> _INSTRUCTIONS TO FOLLOW_
Leaving out the pictures, retype the lines from the top of the listing through the line with "Einführung zur Benutzung" exactly.

> _GIVEN DATA_
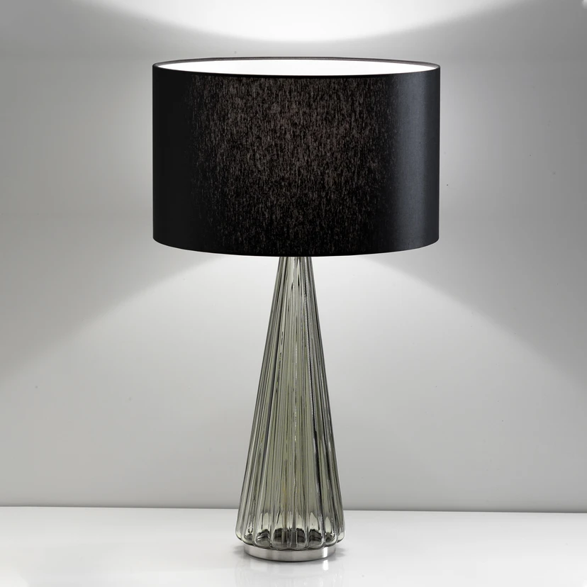 Lampa stołowa Costa jest produkowana w Veneto i łączy w sobie klasyczny kształt lampy z nowoczesnym wzornictwem. Dzięki czarnemu odcieniowi tkaniny i szklanej podstawie promieniuje powściągliwą elegancją, która nadaje każdemu pomieszczeniu stylowy wygląd. Czarny, tekstylny klosz zapewnia dystrybucję światła w górę i w dół, dzięki czemu Kostaryka idealnie nadaje się do oświetlania stolika nocnego. Ryflowana szyba podstawy lampy jest dmuchana ustnie i dostępna w różnych kolorach, co pozwala na łączenie z różnymi koncepcjami kolorystycznymi.
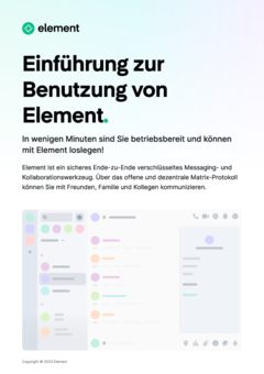 Einführung zur Benutzung von Element. In wenigen Minuten sind Sie betriebsbereit und können mit Element loslegen! Element ist ein sicheres Ende-zu-Ende verschlüsseltes Messaging- und
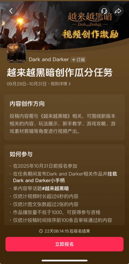 目前,游戏已实现全面的中文本地化支持,开发团队也以“越来越黑暗官方”账号正式入驻B站,与广大中文玩家建立更直接的交流。值得关注的是,在本赛季更新中,游戏同步上线了与抖音合作的视频任务激励计划,鼓励玩家通过短视频形式分享精彩游戏时刻,进一步丰富互动体验。开发团队强调,未来将持续推进内容更新与体验优化,致力于以充满创造力与灵魂的游戏设计,以及始终尊重每一位玩家的态度,赢得大家的认可,为所有玩家创造持久的游戏乐趣。

> _SOLUTION TO THE PROBLEM_
 Lampa stołowa Costa jest produkowana w Veneto i łączy w sobie klasyczny kształt lampy z nowoczesnym wzornictwem. Dzięki czarnemu odcieniowi tkaniny i szklanej podstawie promieniuje powściągliwą elegancją, która nadaje każdemu pomieszczeniu stylowy wygląd. Czarny, tekstylny klosz zapewnia dystrybucję światła w górę i w dół, dzięki czemu Kostaryka idealnie nadaje się do oświetlania stolika nocnego. Ryflowana szyba podstawy lampy jest dmuchana ustnie i dostępna w różnych kolorach, co pozwala na łączenie z różnymi koncepcjami kolorystycznymi.
 Einführung zur Benutzung von Element. In wenigen Minuten sind Sie betriebsbereit und können mit Element loslegen! Element ist ein sicheres Ende-zu-Ende verschlüsseltes Messaging- und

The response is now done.